January 25, 2001
The question of whether a Family Court judge should "sign off" on an attorney's
application to be placed on a law guardian list does not in itself raise
a question of judicial ethics. But if the judge has information indicating
a substantial likelihood of professional misconduct, the judge should take
Jud. Law §243; 22 NYCRR 100.3(D)(2).
A Family Court judge advises the Committee that part of the judge's responsibility is to "sign off" on new law guardian applications. One such applicant, whom the judge had been friendly with as a fellow employee in the District Attorney's office, has completed the requirements and is ready to begin as a law guardian pending authorization by the judge.

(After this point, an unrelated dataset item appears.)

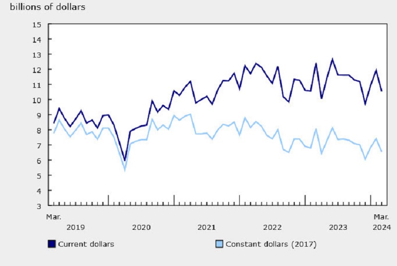The non-residential component saw permits decline by 16.7% to $4.0 billion, while the residential sector experienced an 8.3% drop to $6.5 billion. This decline follows two months of consecutive gains, with the overall gain for Q1 amounting to +3.7% from Q4 2023.

The judge's concern is two-fold. First, the judge knows that the applicant "has been reported to the Ethics Committee" and believes that the matter, involving alleged insurance fraud is pending. Second, the applicant's spouse, a former police officer, pleaded guilty to "felony federal charges concerning (I believe) stealing drugs from a suspect." It is anticipated that the spouse and the applicant will be witnesses at an upcoming trial involving the spouse's former partner.

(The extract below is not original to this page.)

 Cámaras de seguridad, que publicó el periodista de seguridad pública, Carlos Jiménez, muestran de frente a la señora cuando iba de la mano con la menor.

Based on the foregoing, the judge seeks the Committee's opinion as to whether the judge "should authorize [name] to become a law guardian knowing [he/she] faces ethics problems and will probably be involved in a difficult and very public case as a witness."

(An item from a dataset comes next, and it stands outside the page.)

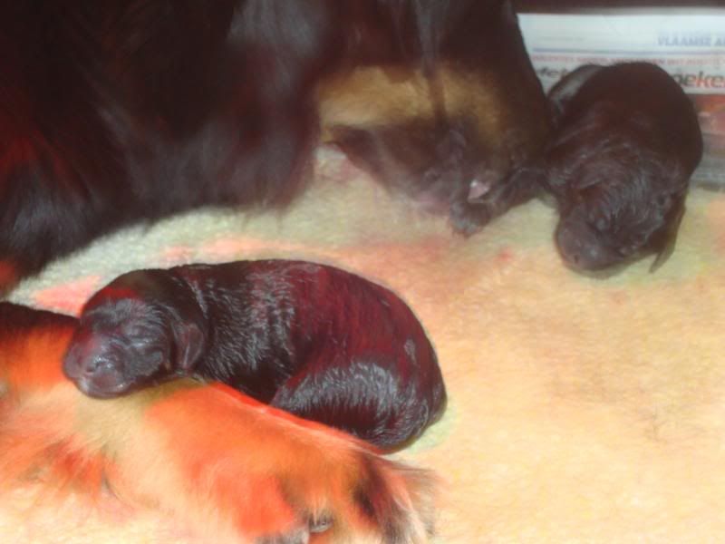 het heeft even geduurd en het spijt me dat jullie zo lang in spanning moesten zitten maar de afgelopen uurtjes was het hier ook extra spannend, vandaar... Laat me vooraf even stellen dat alles goed is met moeder en pups en dat ik vermoed ??????????????????????? dat ons meisje nu klaar is, alhoewel...

It is the view of the Committee that the circumstances referred to by the judge do not, in and of themselves, raise questions of judicial ethics. The mere fact that the attorney may be a witness in a "public case" does not appear to call for action by the judge. As to an investigation for possible "insurance fraud," it is unclear what the basis of the judge's knowledge is. We note that as a matter of judicial ethics, "[a] judge who receives information indicating a substantial likelihood that lawyer has committed a substantial violation of the Code of Professional Responsibility shall take appropriate action." 22 NYCRR 100.3(D)(2). If that is the situation, and the judge has information which, in the judge's view, casts substantial doubt on the applicant's fitness to practice law, then the judge's duty is clear. If, however, the judge has knowledge only of what has become public knowledge, i.e. of an ethics investigation, the judge should consider whether it should be brought to the attention of the Appellate Division, which under section 243 of the Judiciary Law, is the appropriate authority over law guardians. Moreover, if on the other hand, the judge does not possess such information, and the person is placed on the law guardian list, this does not mean that the judge is barred from considering the matters alluded to in determining whether the circumstances as such may interfere with the person's ability to represent a particular party in a proceeding in the judge's court. Should that be the case, the judge may opt not to make the appointment in that matter.